Eren, TRT Çocuk ailesi olarak, çocukların ruh ve beden sağlığını ön planda tuttuklarını, onlara hayata hazırlanma sürecinde destek olduklarını vurgulayarak, TRT Çocuk'un milli ve manevi değerleri gözeterek çocukların kendilerini keşfetmesine yardımcı olduğunu, dış dünya ile doğru iletişim kurabilmesine katkı sağladığını anlattı.
Mobil uygulamalardan bahseden Eren, konuşmasını şöyle sürdürdü:
"8. yılımızda yüzde 80 yerli içeriğe ulaşmış bulunmaktayız. Bu rakamı daha da yukarı çekerek çocuklarımızı yerli ve milli yapımlarla buluşturmayı hedefliyoruz. Sadece sayı ve yüzde değil ayrıca içeriklerin niteliği de çok çok önemli.

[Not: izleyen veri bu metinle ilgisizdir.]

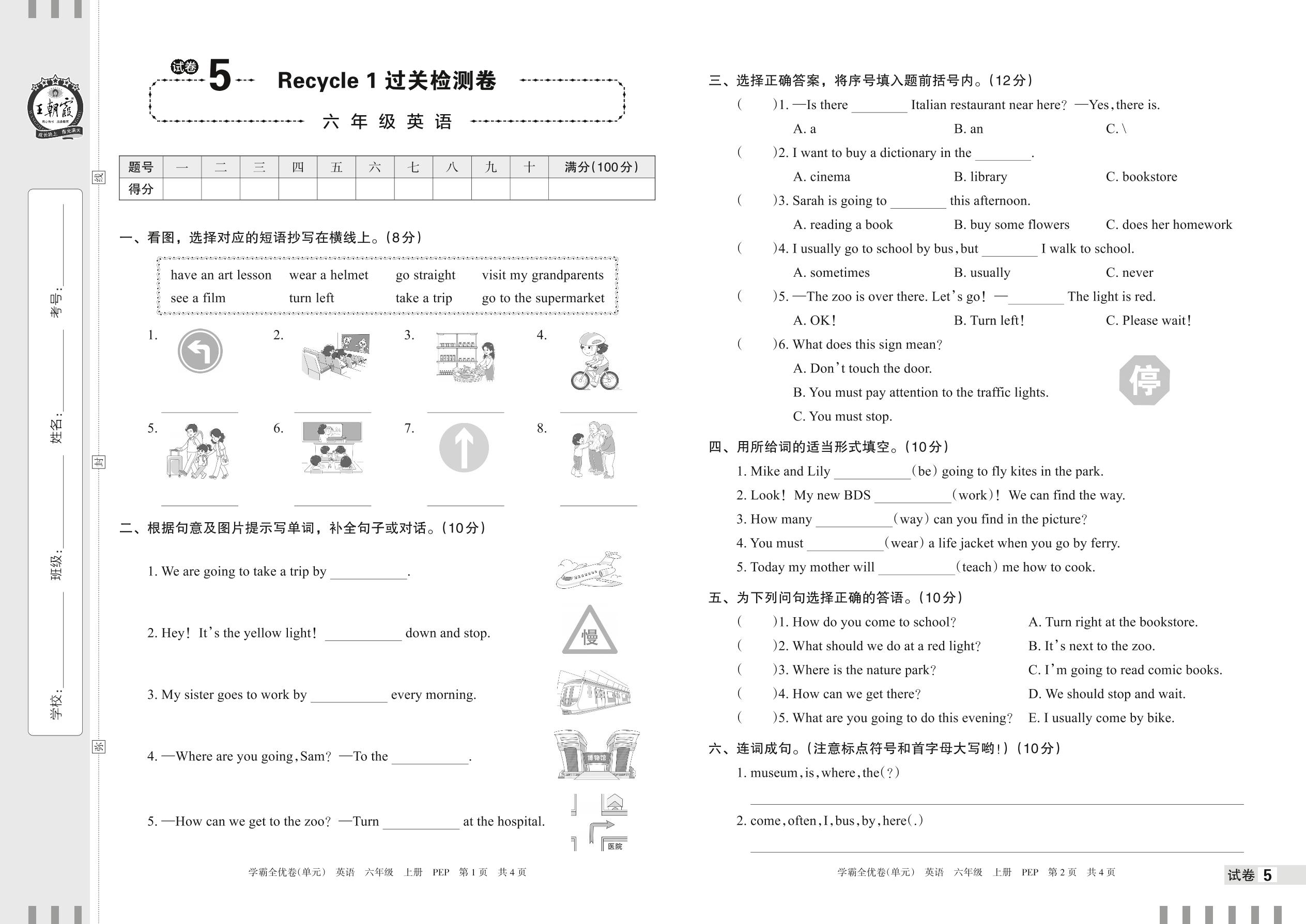 2022上册六年级英语人教PEP版 试卷5 Recycle 1 过关检测卷

Bunları yaparken Türkiye'deki animasyon endüstrisini destekleyip büyüterek sektörü desteklemeyi devam ediyoruz.
Genç çizer ve animatörler için akademi çalışması da yapıyoruz. Bu akademi ile amacımız özellikle senaryo alanında hevesli gençlere ve emekçilere profesyonel olarak destek sağlamak. Daha sağlıklı ve doğru yanıt veren içerikler üretmeyi ve sektör temsilcilerine destek vermeyi amaç edindik bu konferansla. Anne babalara da yapımcılara da yön gösterecek bir rehberin hazırlıklarına başlayacağız."
5. TRT Uluslararası Çocuk Medyası Konferansı
"Çocuğun Algısına Dokunmak" temasıyla düzenlenen 5. TRT Uluslararası Çocuk Medyası Konferansı iki gün sürecek.
Konferansta medya kuruluşları, yayın birlikleri, üniversiteler ve sivil toplum kuruluşlarının da aralarında bulunduğu çocuk medyası profesyonelleri, tecrübelerini ve projelerini paylaşarak fikir alışverişinde bulunacak.
Sunum ve panel oturumlarıyla eş zamanlı atölye çalışmaları şeklinde planlanan konferansa, Türkiye ve çeşitli ülkelerden alanlarında uzman konuşmacılar katılıyor.
Konferansta, tüm yönleriyle çocuğun medyayı algılaması, çocuk medyası için uygun anlatım dili, dijital medya ve güvenlik sorunu gibi konular ele alınacak.